Santa Please… is next, and the mid-tempo RnB sound returns alongside some breathy vocals, as Toni begs Santa to bring her man home for Christmas. These were times before Amazon Prime and Zoom calls to be fair. It’s a plodder, and perhaps a bit too ploddy, although the use of the reindeer names works well, and the use of the strings towards the ends also works well – more of that would have lifted the song a bit more but…

..they get to shine by themselves in Pretty Please – a tiny instrumental interlude, lasting just 1m 1s.

That leads on to Have Yourself A Merry Little Christmas, a classic Christmas hit recorded by most Christmas album artists. The chime bar and strings return us to the vintage Christmas song sound too, and Toni’s vocals sound right at home here. The strings are really loaded in here, perhaps in competition with her vocals in their few fleeting moments of overlap.

A bell chimes us into new song This Time Next Year, a co-write that includes Babyface. Apart from the bell at the start and the stylised strings, there’s not ever-so much Christmas involved in the lyrics, making it feel like a Babyface stock track. The vocal harmonies are wonderful here (including Babyface himself, and Chante Moore). Thankfully, Toni gets a high note to reach for, and she soars up to it.

The classic The Christmas Song (aka Chestnuts Roasting On An Open Fire) follows this. It’s a good cover of this standard, as a thick bass, piano, brushed snare, and subtle sleigh bells seem to flitter around Toni’s wonderful voice here, ending on a lovely held note and delicate piano teasing ‘Jingle Bells’.

The penultimate track is Snowflakes Of Love (Brent Fischer Instrumental), a filler borrowed from the lead singl. Whilst this might seem a bit cheap, it does at least let you hear the beautiful orchestral arrangement for this original song, and the occasional breathy Toni backing vocals, which are likely to send goosebumps down your spine as the strings soar.

The album closes on Christmas In Jamaica (Remix) featuring Shaggy.
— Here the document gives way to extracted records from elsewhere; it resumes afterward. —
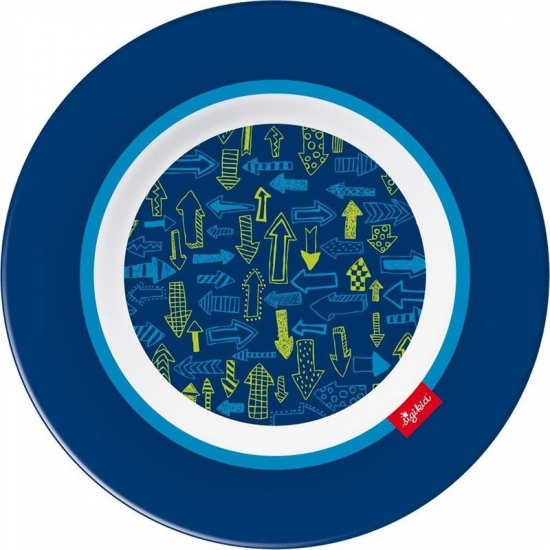 Дитяча пласка тарілка «Arrows» від німецького бренду sigikid. Тарілка (Ø=21,5 см) із яскравим графічним малюнком вироблена із якісного пластику. Матеріал надзвичайно практичний. Тарілку можна мити у посудомийній машині, матеріал відрізняється зносостійкістю і не ламається. Яскраві малюнки приваблюватимуть дітлахів. У колекції «Arrows» ще є: склянка, глибока тарілочка, ланчбокс, пляшечка для води, рюкзак та футляр для окулярів – усіх їх об’єднує яскравий графічний малюнок синьо-салатового кольору.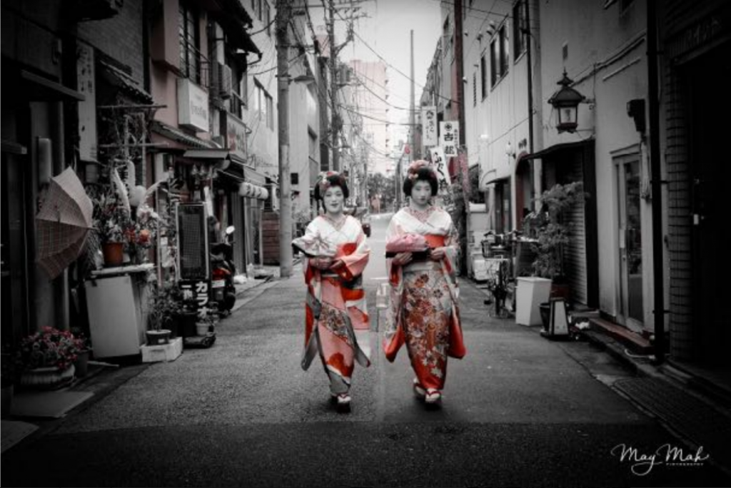 Sokakban él a kép, hogy a gésák a történelem letűnőben lévő titokzatos korszakát jelentik. Azt azonban kevesebben tudják, hogy a világon mindössze négy olyan gésa él, aki angolul is beszél, és utazó nagykövetként mutatja be világszerte e különleges világot. Április 4-én, Magyarországon először lesz látható művészeti előadásuk.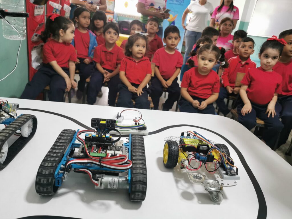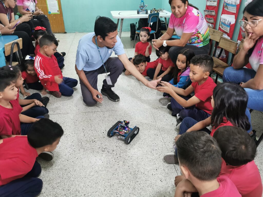 Posteriormente, el profesor Manuel Alvarado lideró un recorrido interactivo por el mundo de la robótica. Los pequeños conocieron las partes esenciales de un robot y sus distintas clasificaciones. El momento más llamativo llegó con la demostración de un robot poliarticulado seguidor de línea, cuyo funcionamiento y componentes fueron explicados de forma sencilla y didáctica, permitiendo que los niños y niñas comprendieran los principios básicos de la automatización.

The remix is by Poke & Tone, who sadly don’t get named in the title. Whilst the original track is catchy, this track is too, but leans further away from a Christmas style. Instead, there’s an almost robotic effect applied to some of Shaggy’s vocals – the contrast of which to Toni’s voice, was one of the original appeals. Instead, he’s buzzy, and the appeal of that is lost.

Toni Braxton’s lead single ‘Snowflakes Of Love’ (2001).

Verdict

Over all, this album is a bit of a jumble.

The Christmas classic tracks are perfect for this album, and Toni’s vocals, as you would no doubt expect when you look at this album, are rich, warm, strong, and a delight to hear. The choices work well, and she is well matched against the Christmas styled songs, and the soaring orchestral tracks.

What doesn’t work so well, is the seemingly accidental Christmas songs – the worst offender here being This Time Next Year, which has Babyface’s fingerprints all over it. Whilst I appreciate that it is credited as a co-write with him and Toni, it feels like it was a stock song with 2-3 lyrics replaced to make it applicable to the album. It could easily just be another track on another RnB album.

The attempts to fuse vintage sounding Christmas songs (whether you like that schmaltz or not), and smooth and sexy RnB doesn’t quite work as comfortably as you’d hope, leaving those classic songs, and Snowflakes Of Love to carry the weight.

Rated 3 stars! It's a nice album.
  • POP RESCUE 2021 RATING: 3 / 5
  • 2001 UK ALBUM CHART PEAK: Did not chart in the UK.
  • POP RESCUE COST: £2.49 from a Discogs.com seller.